Un message en 140 caractères, qui vaut déclaration de guerre pour Pyongyang :

« Le monde entier se souviendra que c'est les États-Unis qui nous ont déclaré la guerre en premier », a déclaré Ri Yong-ho à la presse. « Puisque les États-Unis nous déclarent la guerre, nous aurons tous les droits de prendre des contre-mesures, comme descendre les bombardiers stratégiques US, même s'ils ne sont pas dans les limites de notre espace aérien. »

Pour rappel, la péninsule coréenne n'est toujours pas en situation de paix à l'heure actuelle. Depuis les années cinquante et la guerre de Corée, seule une armistice, et non un traité de paix, permet de maintenir de façon fragile le cessez-le-feu, et de conserver une situation de statu quo entre les deux régimes. Une seule étincelle pourrait donc suffire à remettre le feu à la poudrière, ce qui inquiète bon nombre d'analystes internationaux.

Malgré sa situation isolée, le Royaume Ermite reste une menace à prendre au sérieux : la Corée du Nord est aujourd'hui considérée comme étant la 4e plus grande puissance militaire du monde, en termes d'effectifs.

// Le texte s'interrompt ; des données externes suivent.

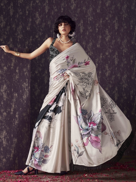 - Floral printed saree with no borderĀ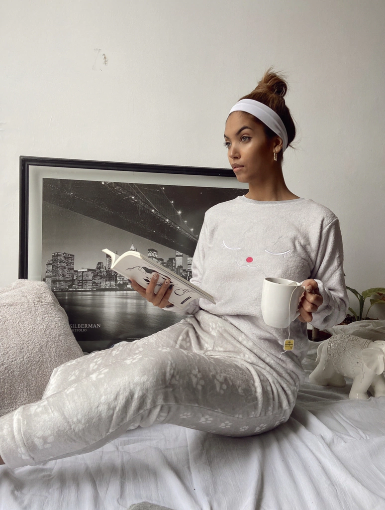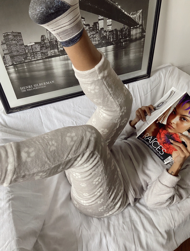 Conjunto confeccionado en polar soft, compuesto por buzo y pantalon. El buzo está bordado en frente central. Terminaciones en puño y cuello redondo. Pantalon sublimado con huellitas, tiro alto. Si bien tiene cintura elastizada, el tejido del resto del conjunto no elastiza. Super suave y abrigado.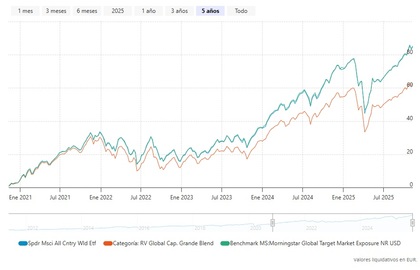 Por tanto, este ETF es una alternativa algo más barata al de iShares, con una filosofía prácticamente idéntica y una gestión eficiente por parte de SPDR (State Street). Ideal para quienes buscan exposición global al menor coste posible.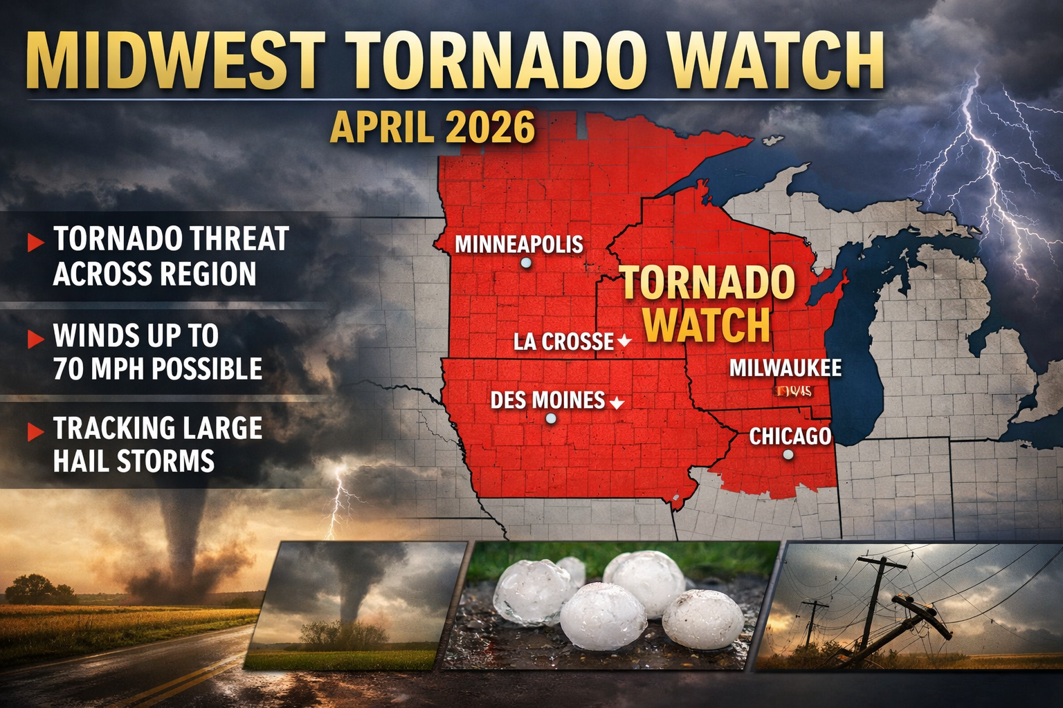 This Midwest tornado watch April 2026 signals a volatile spring severe weather pattern across the Upper Midwest affecting transport and agriculture affecting transport and agriculture.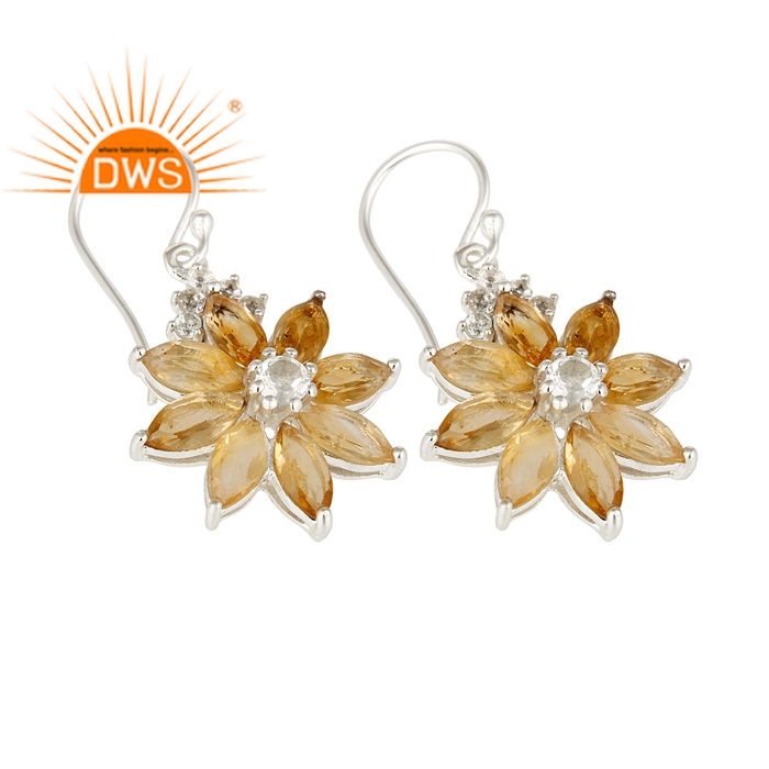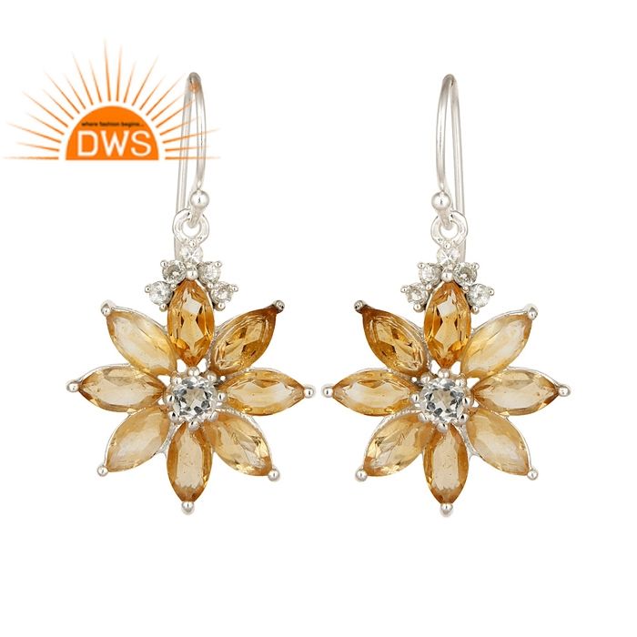 สีขาวบุษราคัมซิทรินมาร์คีส์ตัดพลอยดอกไม้ต่างหูเครื่องประดับขายส่ง925เงินสเตอร์ลิงห้อยต่างหูผู้ผลิต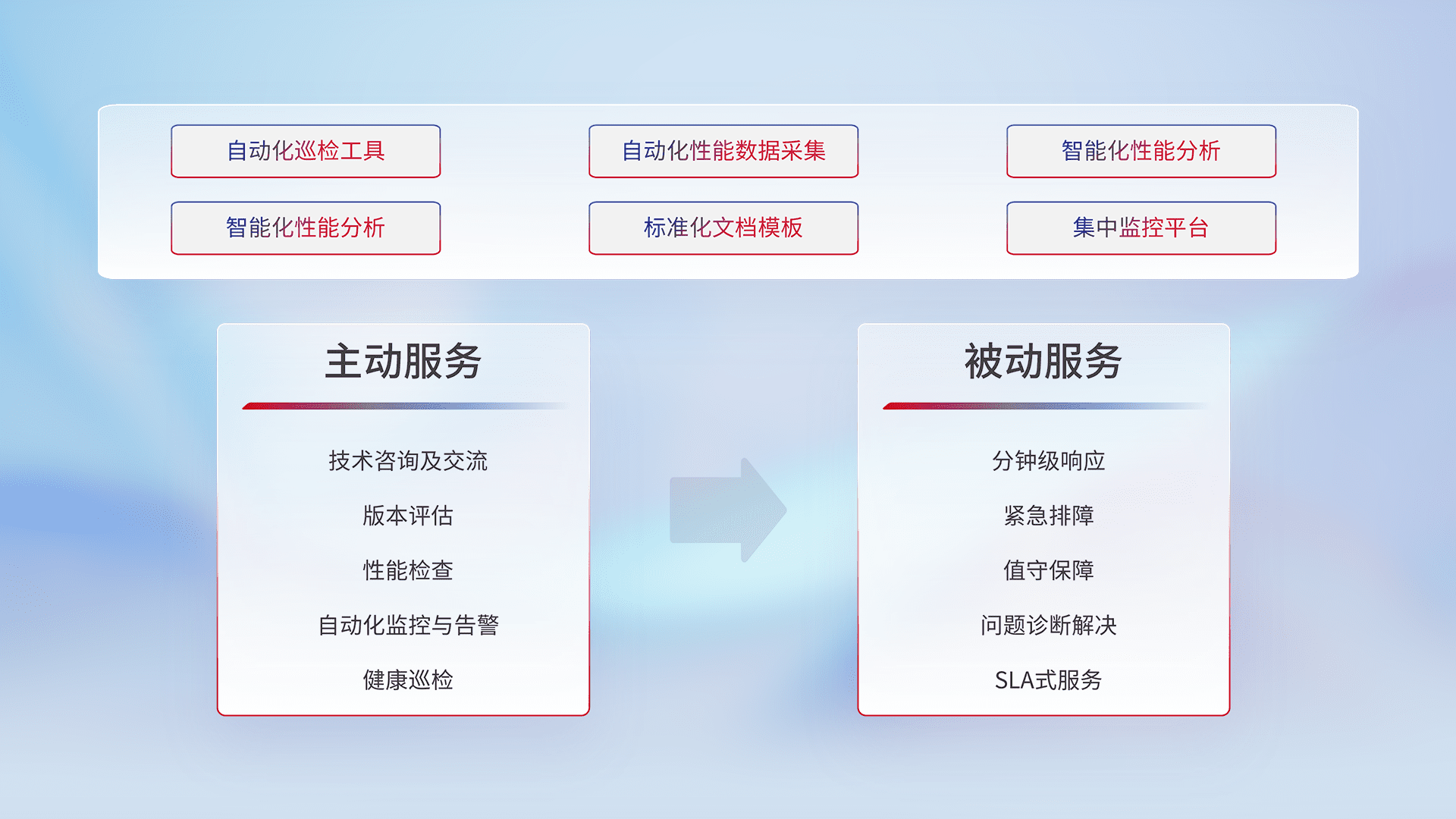 智能化工具和标准化文档,,,保障服务质量,,,,提供主动服务(包含技术咨询、、、、版本评估、、性能检查、、、、自动化监控与告警、、、、健康巡检)和被动服务包含(分钟级响应、、、、紧急排障、、、、值守保障、、、问题诊断解决、、SLA服务)。。。。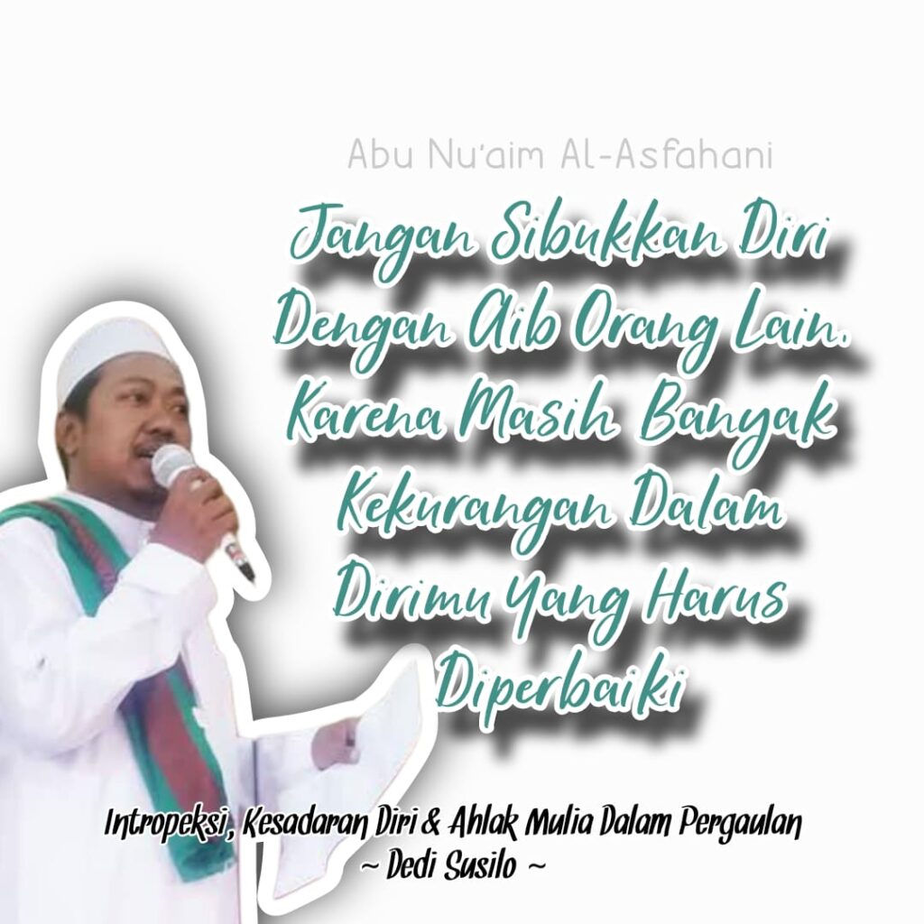 Kata mutiara ini mengandung makna mendalam tentang introspeksi, kesadaran diri, dan akhlak mulia dalam pergaulan. banyak disampaikan Oleh Alim Ulama ,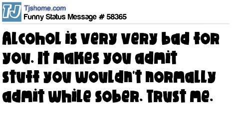 X is Alcohol is very very bad for you. It makes you admit stuff you wouldn't normally admit while sober. Trust me.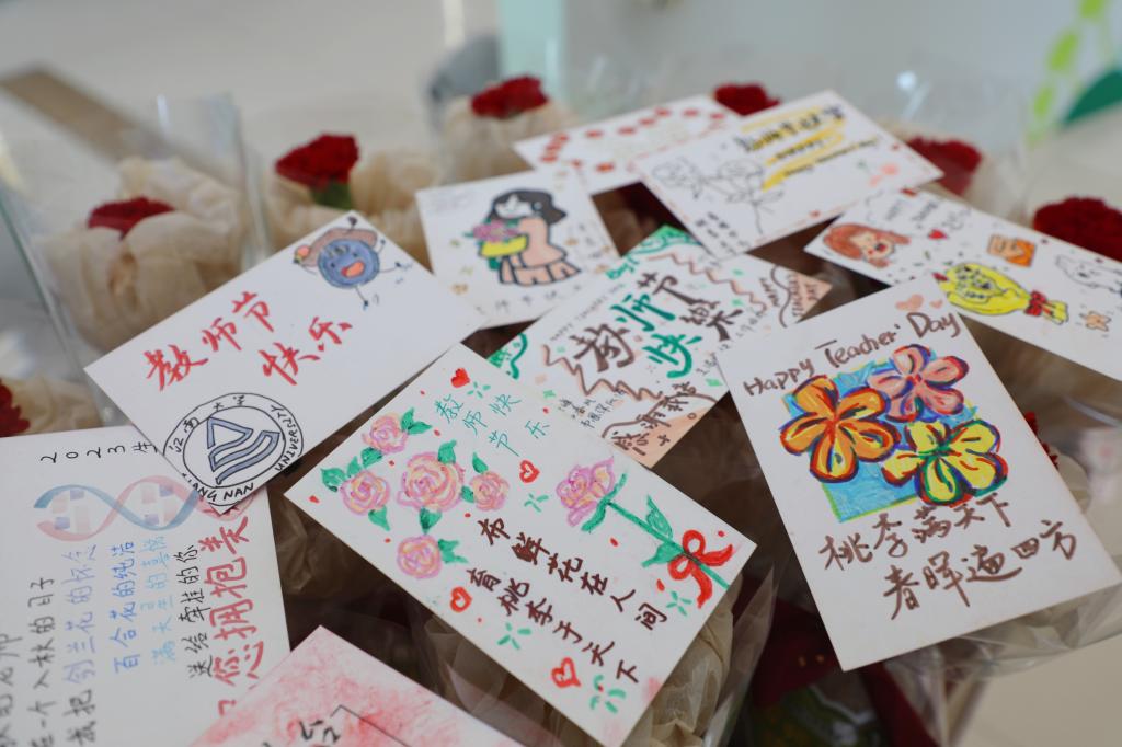 落其实者思其树,饮其流者怀其源。活动现场被心形康乃馨花装点,与展板上同学们亲手制作的手绘贺卡所组成的心形造型遥相辉映。志愿者双手递上一束花,热情喊一句“老师祝您节日快乐”,真诚的谢意洋溢在师生之间。在留言板上,同学们留下了对老师们的深切告白:“三尺讲台栽桃李满园,挥洒青春育四海才子”“‘师’与远方感念在心”……对老师的感激之情流淌在字里行间。贺卡盲盒抽取活动,是今年教师节的一大亮点。老师们从信封里随机选择一张贺卡,背面是同学们亲手绘制的祝福贺卡,温暖的色彩、朴实的话语,映入眼帘,暖在心头。不仅在主活动区有温情,在教学楼、实验室、军训场也是感动一波又一波。课前给老师的惊喜祝福、军训间隙的真挚献唱,生工学子“花式告白”敬爱的老师。心存感恩,致敬每一位提灯引路的教育追梦人。
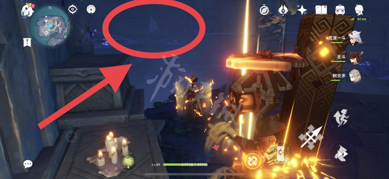 回到上述豁口位置,往右,看到烛台往上爬,有一个缺口。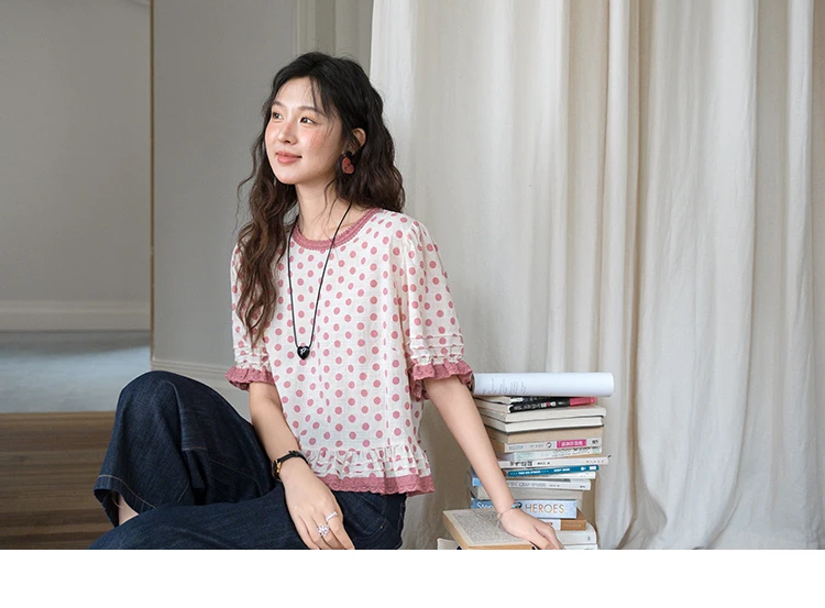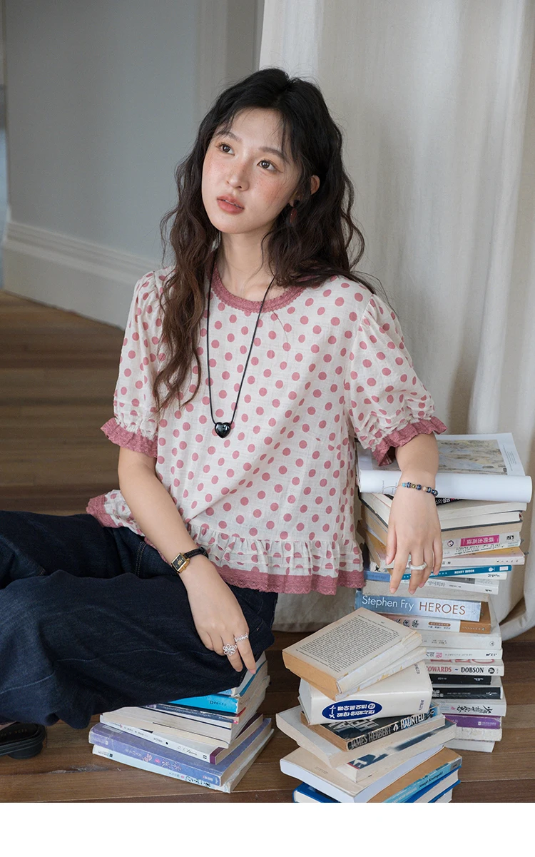 MISHOW Women's Blouse Fashion Pink Polka Dot Short Top 2025 Summer Sweet Puff Sleeve Blouse Casual Female Clothing MXE37X1900

Donald Trump et Kim Jong-un, aisvector / Shutterstock

À quoi faut-il s'attendre en cas de guerre ouverte entre les États-Unis et la Corée du Nord ?

« Les Nord-Coréens possèdent entre deux et trois semaines de réserves de munitions, carburant, nourriture, etc. pour tenir une guerre. C'est tout ce qu'ils ont, » explique Bruce Bechtol, ex-analyste du pentagone, à la BBC. « Ce que ça veut dire, c'est qu'ils doivent accomplir tous leurs objectifs [militaires] pendant ce court laps de temps, parce qu'après ça, ils n'auront plus rien du tout. »

Des contraintes dont Kim Jong-un est parfaitement conscient. David Maxwell, vétéran de l'armée américaine, pense que cette guerre-express résulterait en d'énormes pertes humaines, environ 400 000 victimes civiles et militaires en une seule semaine: « Si j'étais un commandant Nord-Coréen, je libérerai toute la puissance de frappe de mon artillerie pour infliger le plus de morts et de destruction au Sud que possible, et dans les premières heures, il y aurait littéralement des centaines de milliers de missiles qui seraient tirés en direction de Séoul. »

Une telle attaque conduirait inévitablement à une réponse de la part du Sud, et à une réaction totale de la part des États-Unis. S'il semble clair que le régime de Pyongyang, isolé du reste du monde et assiégé économiquement ne serait pas en mesure de tenir le rythme d'une guerre totale, et qu'un manque de ressource le conduirait à une défaite rapide, cela ne le rend pas moins dangereux pour autant. Au contraire : en désespoir de cause, Kim Jong-un pourrait, tel un animal acculé, se résoudre à employer la force nucléaire. Cela entrerait alors dans l'Histoire comme étant la première attaque nucléaire du monde, depuis les bombardements de Hiroshima et Nagasaki par les forces américaines, 6 et 9 août 1945.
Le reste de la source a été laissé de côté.